By Darby • May 14, 2025

Every once in a while, we read something from a media partner that stops us in our tracks and makes us think…really think…about their work, our work, and how it all fits together in today’s tumultuous media landscape. Recently, Maggie Slepian shared one such piece on her Substack, a shockingly candid essay called “An Honest Reflection of the Media Landscape, Plus the Rate Chasm Between SEO and Essays.”

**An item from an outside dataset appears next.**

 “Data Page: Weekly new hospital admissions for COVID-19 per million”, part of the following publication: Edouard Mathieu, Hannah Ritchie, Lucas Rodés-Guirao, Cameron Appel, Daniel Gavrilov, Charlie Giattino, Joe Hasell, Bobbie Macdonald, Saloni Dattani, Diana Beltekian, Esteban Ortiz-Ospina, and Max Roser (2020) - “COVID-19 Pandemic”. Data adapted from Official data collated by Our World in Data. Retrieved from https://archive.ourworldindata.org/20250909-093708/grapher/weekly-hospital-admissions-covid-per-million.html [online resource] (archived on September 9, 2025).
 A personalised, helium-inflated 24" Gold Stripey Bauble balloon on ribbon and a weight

Maggie’s piece hits home. Our initial reaction was a head-shaking damn, it’s hard out there for freelancers. Then a second wave of realization hit us. This is a must-read for our team AND clients. It’s our job to educate our brands on what is happening in the media world. If they don’t have at least a basic understanding of the landscape, our PR efforts and results might not make much sense. On the flip side, it’s also our job to make connections, ideate story angles, and share products that make getting placements easier for media. So we’re sharing our thoughts in response to Maggie’s piece for two reasons: 

  • To contextualize the current outdoor media landscape for brands, including how it affects coverage opportunities.
  • To provide constructive feedback for our team and other PR practitioners on how we can all be more understanding and accommodating toward our media partners.

Background

In her piece, Maggie breaks down the reality of making a living as a freelance writer in the current outdoor media landscape. She doesn’t hold back, diving into the economics of her unbalanced workload while elaborating on the necessity of writing “so many sock reviews” to pay the bills and offset the dwindling “Good Work” opportunities, such as essays and long-form outdoor features. 

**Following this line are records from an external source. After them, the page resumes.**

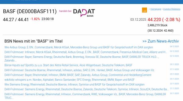 BASF am 3.12. -2,08%, Volumen 89% normaler Tage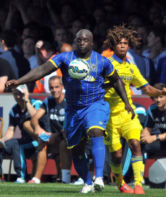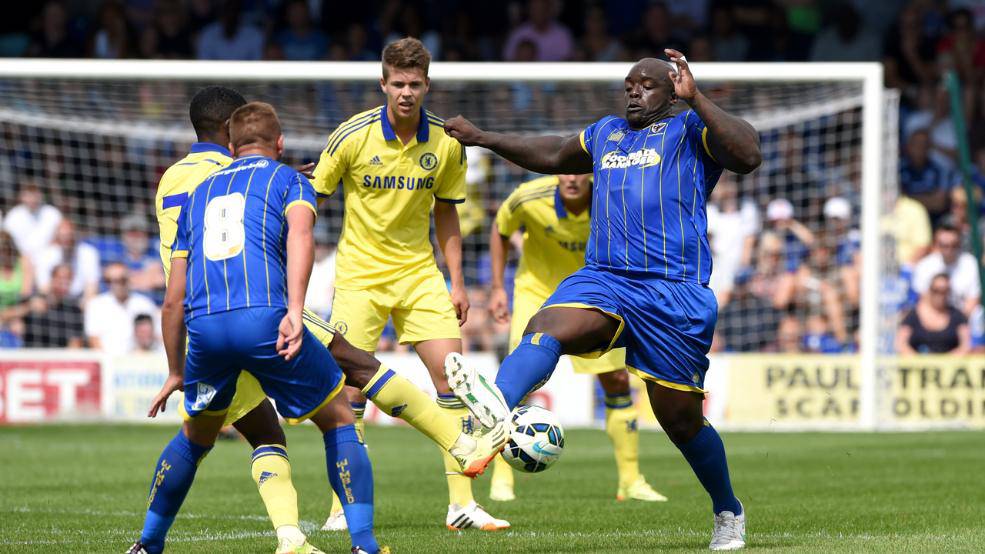FOTO CALCIATORE CICCIONE- Il calciatore più ciccione del mondo gioca nel Wimbledon. Si chiama Adebayo Akinfenwa, ha 32 anni, è inglese e gioca in attacco. Nell’amichevole che il suo club (quarta divisione) ha giocato contro il Chelsea l’attaccante è balzato subito agli occhi per la sua stazza, non esattamente da atleta.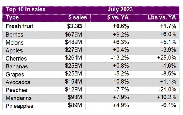 “Berries’ July performance was outstanding,” said Joe Watson, IFPA’s VP of retail, foodservice and wholesale. “The four July weeks generated $679 million in berries with substantial dollar and pound gains. Cherries continued to trend in the top five with $261 million in sales, which was down in dollars, but up in pounds.”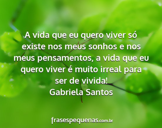 A vida que eu quero viver só existe nos meus sonhos e nos meus pensamentos, a vida que eu quero viver é muito irreal para ser de vivida!Gabriela Santos
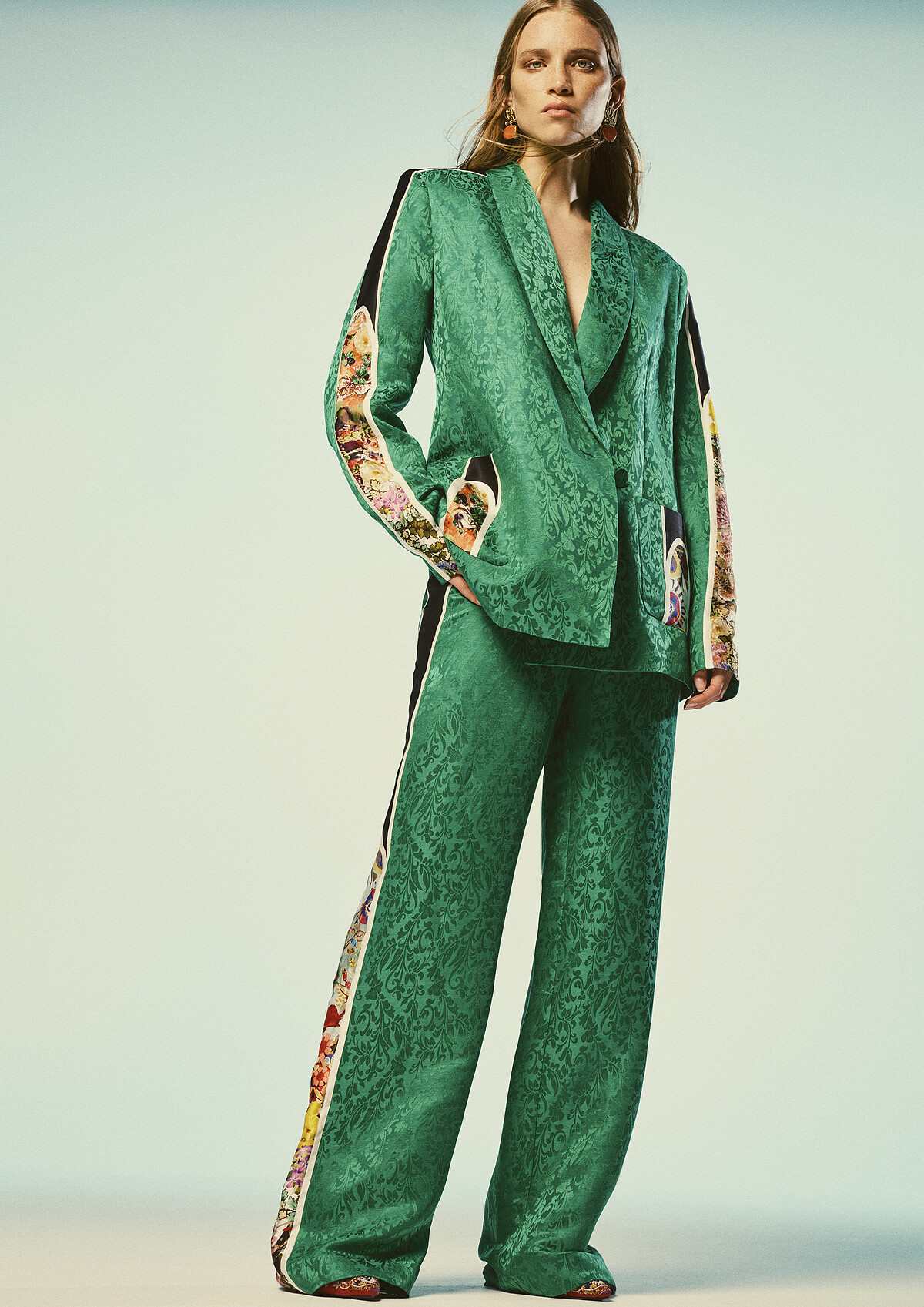 這款以精緻的印度傳統刺繡點綴在西裝上衣與下身褲裝兩側的綠色套裝,正裝氣勢十足。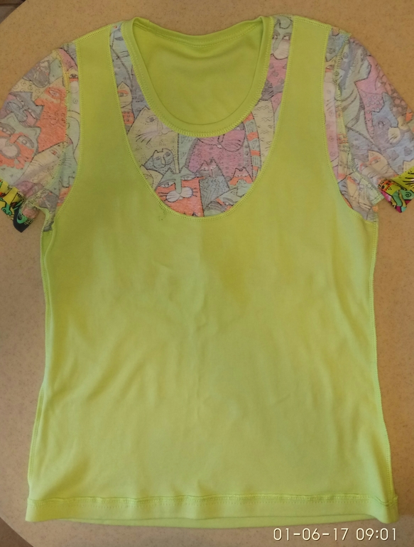 Но твоя идея мне даже больше нравится, что внутренняя часть как майка, а не прямоугольник. Тогда даже если чуть-чуть растянется вырез, за счёт пришитого верха будет хорошо держаться.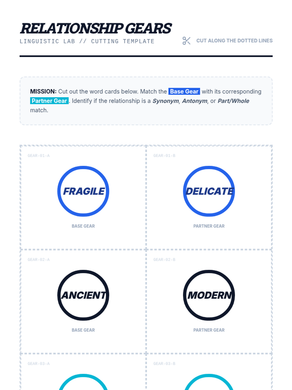 A printable page of 12 matching 'gear' cards for a vocabulary activity. Students cut out the cards and match words based on relationships like synonyms, antonyms, and part/whole pairs. Designed with a mechanical, laboratory aesthetic.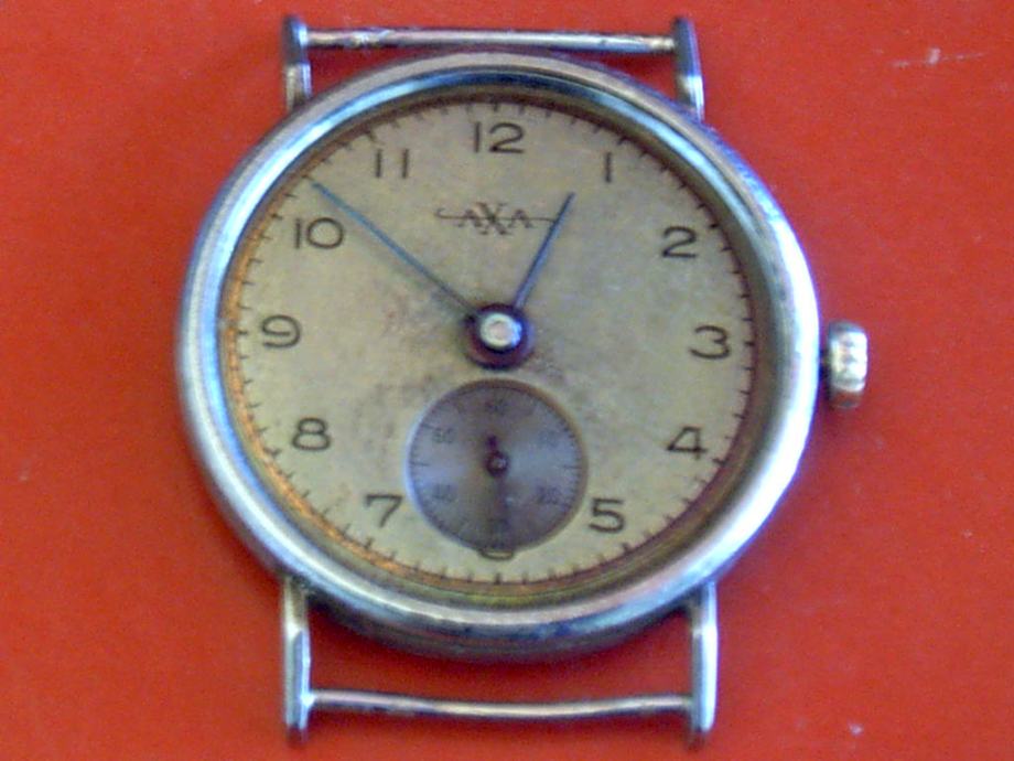 SAT "AXA"-MILITARY TIP- nosili ga za vrijeme NDH častnici vojnice, pomoćno zrakoplovno osoblje, zrakoplovno dojavništvo i protuzrakoplovno osoblje...pored Hanharta, Stime i AXU su koristili osoblje 52. lovačke pukovnije NDH-(III/JG52)....promjer 30 mm...ORIGINALNI REMEN IZ DOBA NDH U dobrom stanju...NOVO STAKLO...MEHANIZAM SERVISIRAN, ISPRAVAN I IZNIMNO TOČAN.

She shares the nuts and bolts of her hourly earnings on various article types, comparing more lucrative SEO-focused commerce roundups to heavily researched storytelling opportunities that end up bringing in far less after factoring in research, writing, and editing time. Her mounting frustration with the media landscape is easy to empathize with, and this poignant article provides an important reality check for PR practitioners and the brands we represent.

We reached out to Maggie, expressing our appreciation for her willingness to share the blunt realities of freelance writing. We also asked for her permission to write this response, while eliciting feedback on how PR practitioners can make freelancers’ jobs easier, not harder. 

A Disclaimer for Brands

For brand teams reading this, we sincerely hope you’ll take the time to read Maggie’s whole Substack piece. We’re seeing the media landscape’s evolution in real-time, but reading the direct effects of these changes from a writer we respect, collaborate with, and often pitch hits a bit harder.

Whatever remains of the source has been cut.